2. Subspacing - sampling in the domain of features - evolving and mutating columns


In [14]:
from evoml.subspacing import FeatureStackerFEGT, FeatureStackerFEMPO

In [15]:
print(FeatureStackerFEGT.__doc__)


    Uses basic evolutionary algorithm to find the best subspaces of X and trains 
    a model on each subspace. For given row of input, prediction is based on the ensemble
    which has performed the best on the test set. The prediction is the average of all the 
    chromosome predictions.

    Same as the BasicSegmenter, but uses list of thrained models instead of DataFrames
    as each individual.
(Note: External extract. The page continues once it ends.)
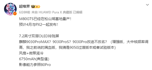 【CNMO科技消息】3月3日,博主“超维界”透露,华为最新性能旗舰Mate 80 GTS已在华为松山湖基地进入量产阶段,有望最快于4月与华为Pura X2一同发布。
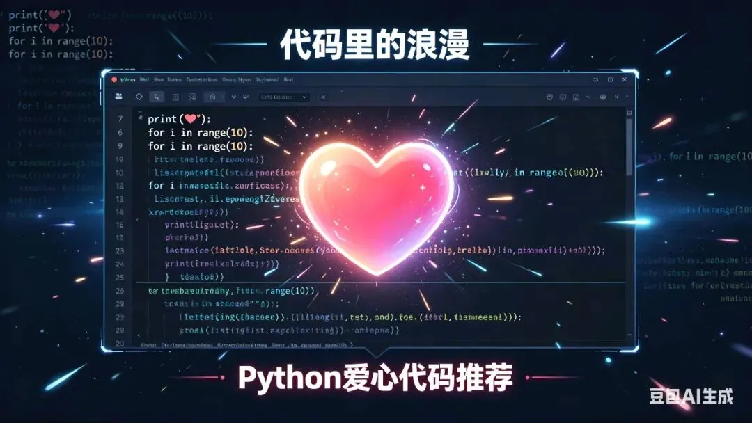 程序员的浪漫,藏在代码里!Python爱心代码,用简洁的代码生成超精致的爱心,可自定义样式、文案,打造专属浪漫。不管是运行出动态爱心,还是生成静态图案,都能把心意藏进代码里,发给TA,就是最硬核的告白,用代码写就专属情书,让爱意在代码里绽放,浪漫又有格调。

Done to boost performance. 

    Parameters
    ----------
    test_size: float, default = 0.2
        Test size that the algorithm internally uses in its fitness
        function
    
    N_population: Integer, default : 30
        The population of the individuals that the evolutionary algorithm is going to use. 
    
    N_individual: Integer, default : 5
        Number of chromosomes in each individual of the population

    featMin: Integer, default : 1
        The minimum number of features for the sub space from the dataset
        Cannot be <= 0 else changes it to 1 instead.
    
    featMax: Integer, default : max number of features in the dataset
        The maximum number of features for the sub space from the dataset
        Cannot be <featMin else changes it to equal to featMin

    indpb: float, default : 0.05
        The number that defines the probability by which the chromosome will be mutated.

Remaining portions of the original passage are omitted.